А другие закричали «ура».

Теперь выдвинулся говорить — Чхеидзе. Он растроган был, что не только дожил до революции, которую предрекал в каждой речи, по бюджетному или транспортному вопросу, но со ступенек этой же самой буржуазной Думы — произносил свободную речь к поднявшемуся народу! Эти фразы столько раз перебывали у него на языке, что теперь повторялись безо всякого напряжения, он лил их, надтреснувшим голосом, вскрикивал «ура» — и в несколько охотных голосов ему откликались.

А Скобелев сильно остерегался: это тут сейчас, в минутной горячности, кажется: ура! поставили первый революционный караул! — но какая была защита от царских войск этот сброд, наполовину не умеющий винтовку держать, на другую никогда не воевавший, какая была победа свободы, когда сто послушных дивизий могли нагрянуть завтра на Петроград? Однако верность социал-демократии заставляла рисковать. И — заговорил. И полилось, оказывается, свободно, без смазки.

А потом четвёртый оратор был бы уже совсем лишний, и отстранили, затолкнули назад Шидловского, говорить ему от Прогрессивного блока не дали.

А какой-то, вроде развитого рабочего, из первого ряда ответил:

— Вы, товарищи, — наши истинные вожди. А таких, как Милюков, нам и даром не нужно.

97

Утренний солдатский бунт смешал весь предполагаемый ход событий. Теперь: распущена Дума или не распущена — переставало быть самым главным вопросом, как казалось вчера. Теперь вообще становилась неясной очерёдность правильных мероприятий, что делать правительству и даже — где ему делать, ибо само передвижение министров по столице переставало быть безопасным и даже — осуществимым.

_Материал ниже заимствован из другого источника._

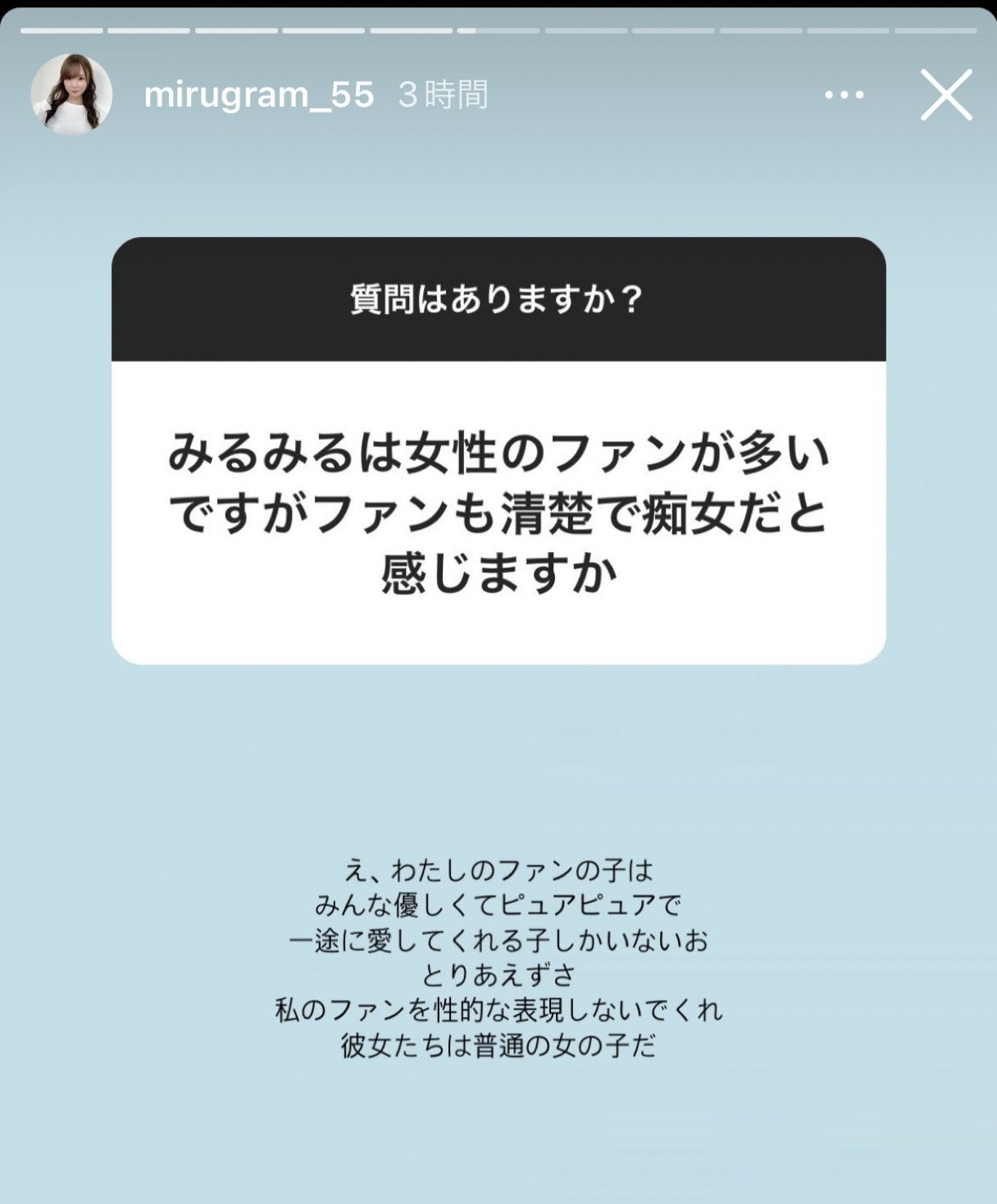 miru怎么说呢?她说自己的女粉都是很温柔、很纯真的好孩子,「她们只是单纯地喜欢我而己」,请不要对她们有任何性幻想甚至骚扰她们,因为她们都是很普通的女孩子⋯很文博客-https://www.hinku.com/43711.html

Утром военный министр позвонил премьер-министру — и оба они, по двум концам линии, долго гадали: следует ли принять какие меры или никаких? Естественно как будто именно от правительства ждалось решение, но поскольку столица находилась в полосе военного положения, то гражданские власти ни за что не отвечали, а и военный министр не отвечал, ибо вся полнота ответственности была передана генералу Хабалову.

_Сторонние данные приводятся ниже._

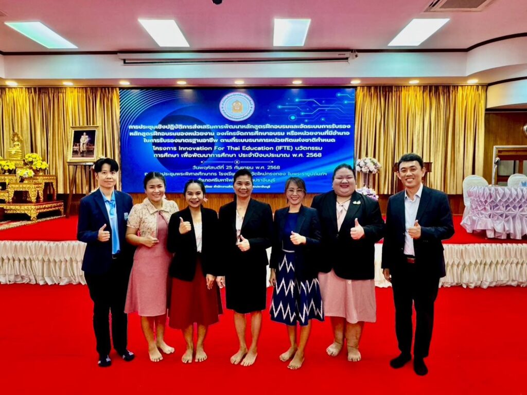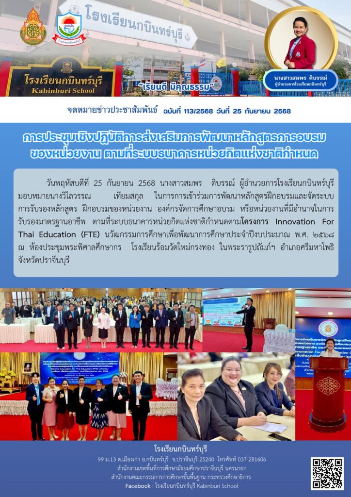 วันพฤหัสบดีที่ 25 กันยายน 2568 นางสาวสมพร ติบรรณ์ ผู้อำนวยการโรงเรียนกบินทร์บุรีมอบหมายนางวิไลวรรณ เทียมสกุล ในการการเข้าร่วมการพัฒนาหลักสูตรฝึกอบรมและจัดระบบการรับรองหลักสูตร ฝึกอบรมของหน่วยงาน องค์กรจัดการศึกษาอบรม หรือหน่วยงานที่มีอำนาจในการ รับรองมาตรฐานอาชีพ ตามที่ระบบธนาคารหน่วยกิตแห่งชาติกำหนดตามโครงการ Innovation For Thai Education (FTE) นวัฒกรรมการศึกษาเพื่อพัฒนาการศึกษาประจำปีงบประมาณ พ.ศ. ๒๕๖๘ณ ห้องประชุมพระพิศาลศึกษากร โรงเรียนร้อมวัดใหม่กรงทอง ในพระรารูปถัมภ์ฯ อำเภอศรีมหาโพธิจังหวัดปราจีนบุรี

Так трудно было до чего-либо додуматься в двустороннем телефонном разговоре — решили, что надо бы собраться и посовещаться. Но князь Голицын не хотел бы сам перемещаться по улицам, и поэтому назначил местом сбора министров опять-таки свою квартиру на Моховой. Верных два часа ушло у него затем на созванивание со всеми министрами и такие же сложные выяснительные разговоры. Наконец, часам к одиннадцати стали министры собираться.

Первым приехал генерал Беляев. На его щуплой фигурке казалась избыточно тяжёлой генеральская шинель, на его маленькой голове — избыточно крупной прикрывающая её военная фуражка. Китель с аксельбантами, вензелями и орденами был на нём как на мальчике. Но всё восполнялось трагической серьёзностью его изглазничного тёмного взгляда за крупным пенсне. Министр всё видел, всё понимал, не нуждался в объяснениях.